Fr Philip Okoye Holds 2021 New Yam Exhibition

…Marks 12th Priestly Anniversary

By Ifeoma Ezenyilimba

Barely four weeks after his early test harvest which produced a tuber of yam that weighed 84.9 kg, a priest of the Catholic Diocese of Ekwulobia (CADEK), Rev Fr Philip Uche Okoye, at his 2021 New Yam Exhibition held last Sunday, thrilled many people with the heavy tubers of yam which he harvested from his farm.

Fides gathered that the biggest of the yam tubers which the priest would have won the competition with, weighed 140 kg. Some others scaled weighed 123.22kg, 118.00kg and 111.90kg, with each of the yam tubers carried by five men. Diji has just harvested only about   20% of  the  planted  yams

The well-attended New Yam Exhibition which was held at St Michael’s Catholic Parish, Nanka, Orumba North LGA, Anambra State, providentially coincided with the 12-Year Priestly Anniversary of Fr Okoye, fondly known as Diji, due to his many feats in yam farming.

Speaking on the occasion, Diji, who is a priest in-residence at St Michael’s Parish, Nanka, thanked God for the gift of life and for his grace throughout the 12 years he had spent in the Catholic priesthood.

Rev Fr Okoye appreciated all who joined him in the thanksgiving and thanked his mother, Mrs Josephine Okoye, and his family, for their consistent support, which, he said, had been awesome and amazing.

According to him, his mother, till date still gave him pocket money as her son.

The Catholic priest, who served as the pioneer parish priest of Holy Trinity Parish, Obeledu, narrated how he started the yam farming in March 2018 following the need to clear an earlier thick bush that belonged to the Church in Obeledu.

He explained that he had participated in the new yam exhibition competition in Obeledu from 2018 till 2020 after the chairman of the committee talked him into joining in the competition, so as to teach the young ones on the need to be productive.

Rev Fr Philip Okoye thanked the Bishop of the Catholic Diocese of Awka, Most Rev Paulinus Ezeokafor; the Auxiliary Bishop, Most Rev Jonas Benson and the Bishop of the Catholic Diocese of Ekwulobia (CADEK), Most Rev Peter Ebere Okpaleke, for their encouragement, which, he said, spurred him to put in his best in yam farming.

Diji expressed his delight for nurturing many young people in the art of yam farming, as well as feeding many aged and sick people with the farm produce. He described the event as a call for thanksgiving to God for the gift of life and rich harvest.

Earlier when he led in the concelebrated thanksgiving Mass to mark the double event, the Parish Priest of St Michael’s Parish, Nanka, Rev Fr Herbert Ezeji, thanked God for the gift of life and successful harvest for the year, 2021.

In his homily, Fr Ezeji, who based his reflections on the readings of the Sunday, affirmed the goodness of God, who, he said, because of divine love, raised his people to the status of his princes and princesses

The parish priest prayed God to fill all with the grace to be ideal Christians and true friends of Jesus Christ in totality.

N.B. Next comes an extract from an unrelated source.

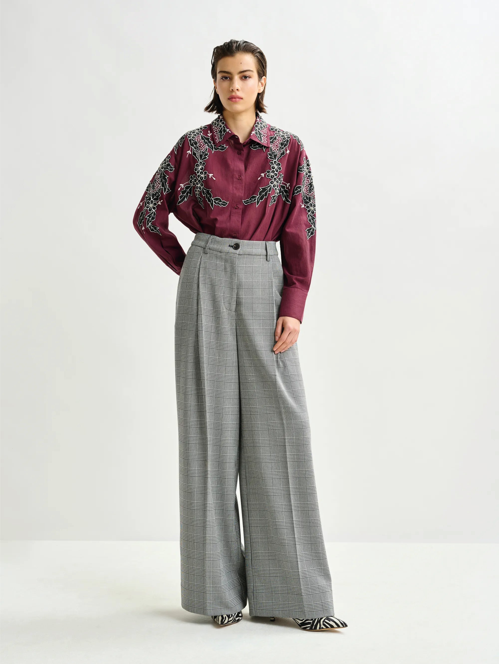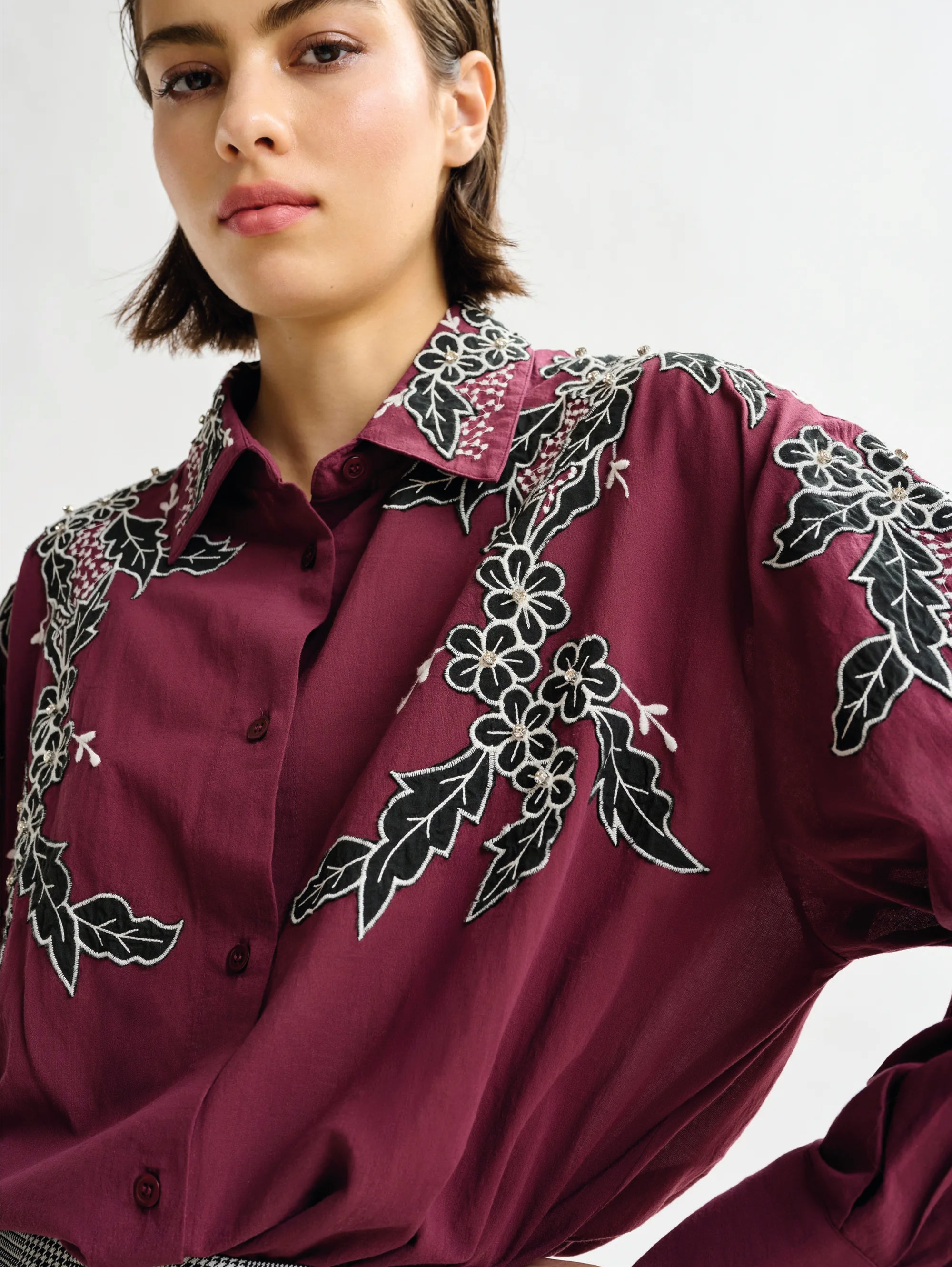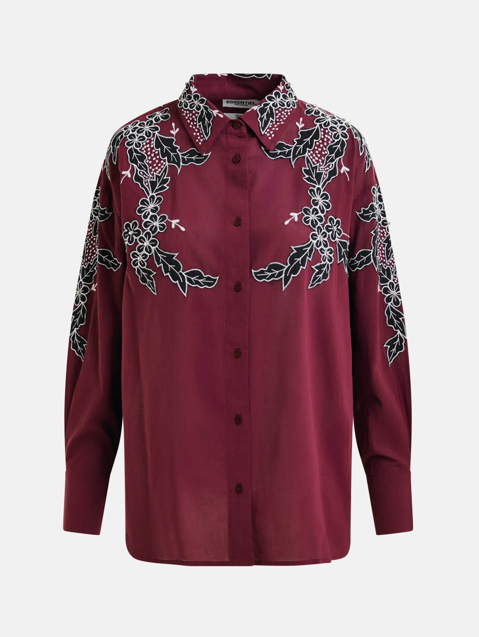 Camicia in cotone oversize con ricamo floreale impreziosito da strass modello Inglewood da donna di Essentiel Antwerp.

Igwe Augustine Chijioke Oragwam, Eze Oranyelu III of Obeledu, who said he was the person that initiated and had till date sustained new yam exhibition competitions in Obeledu, explained to Fides that the competition was put in place to encourage the young ones to fend for themselves through farming and keep away from vices.

He commended Fr Okoye for what he described as his contributions to human and community development in Obeledu through his yam farming. Igwe Oragwam, who was visibly delighted, noted that it was due to the good marks which the Catholic priest made in Obeledu with many youths he had nurtured in the art of yam farming, and the many needy persons he had fed with his farm produce, that he and other people of Obeledu graced the event in their numbers.

Also speaking, the Chief Medical Director (CMD) of Chukwuemeka Odumegwu Ojukwu University (COOU), Awka, Dr Josephat Akabuike, expressed delight at the giant yam tubers harvested by Fr Okoye.

Dr Josephat Akabuike, an indigene of Nanka, noted that the fact that a Catholic priest could plant and harvest such tubers of yam was a lesson to others that they could engage in meaningful skills on their own and survive.

The CMD expressed displeasure over what he described as the way people sought for white collar jobs for mere peanuts when they could engage in meaningful skills and earn more income on their own. Akabuike encouraged all to learn how to excel in yam farming from the priest, who, he said, had consistently succeeded in the skill.

For her part, the mother of the priest, Mrs Josephine Okoye, commended the virtues of obedience, hard work and commitment of her son; explaining that the feats attained by the priest were due to the proper foundation which he had, as well as the grace of God and the help of Holy Mother Mary.